I.
Quiero
imaginar que la raza humana está a punto de dar un salto evolutivo,
a punto de comenzar a ser una especie inteligente, ya que aún no lo somos, con la
inteligencia emocional jugando en primera linea la gran partida que
se despliega en el tablero. No hay muchos signos de que vaya a ser
así, pero tal vez si escribimos y reescribimos ese guión, el de la
inteligencia, o sea, el de la comprensión, estemos dando a nuestra
especie la posibilidad de adoptar pautas de conducta que nos alejen
de la catástrofe. Por lo pronto nuestras pautas de conducta se
parecen a las de los lemmings, especialmente los del mito del
suicidio colectivo y los juegos de ordenador. Más conocidos por los
juegos de ordenador que por los documentales sobre la Antártida, los
leminos han pasado a llamarse lemmings, ya que su presencia en la
cultura popular ha irrumpido desde el mundo anglosajón. Da igual que
ahora sepamos que no se suicidan en masa. Lo hacen en los famosos
juegos una y otra vez.
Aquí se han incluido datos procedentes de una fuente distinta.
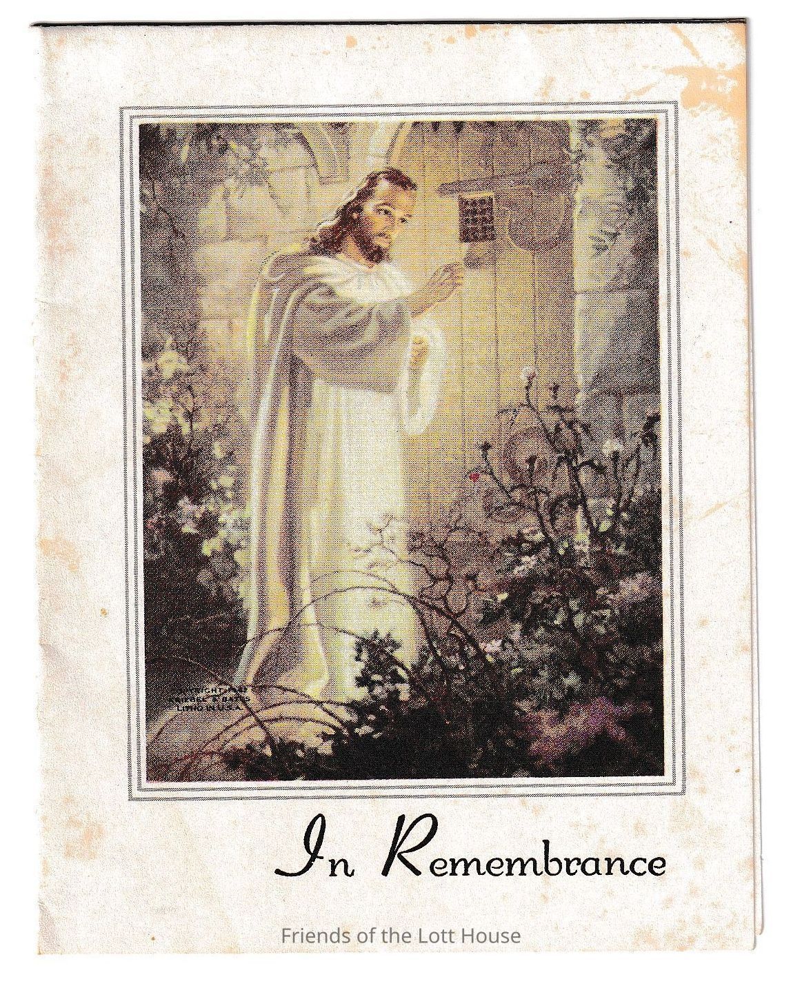 Memorial card for the services of Catherine Klug Lott, Thursday April 14, 1966Collection

Nosotros somos los leminos y somos el jugador
que aprieta el botón, es decir, el gatillo. Este “nosotros” es
el enigma de una especie en guerra consigo misma.
Cuando
leo la carta de despedida de Oliver Sachs, que ha muerto de
cáncer a los 82 años, esa carta impresionante que se publicó en
febrero pasado, estoy escuchando la voz de una especie inteligente.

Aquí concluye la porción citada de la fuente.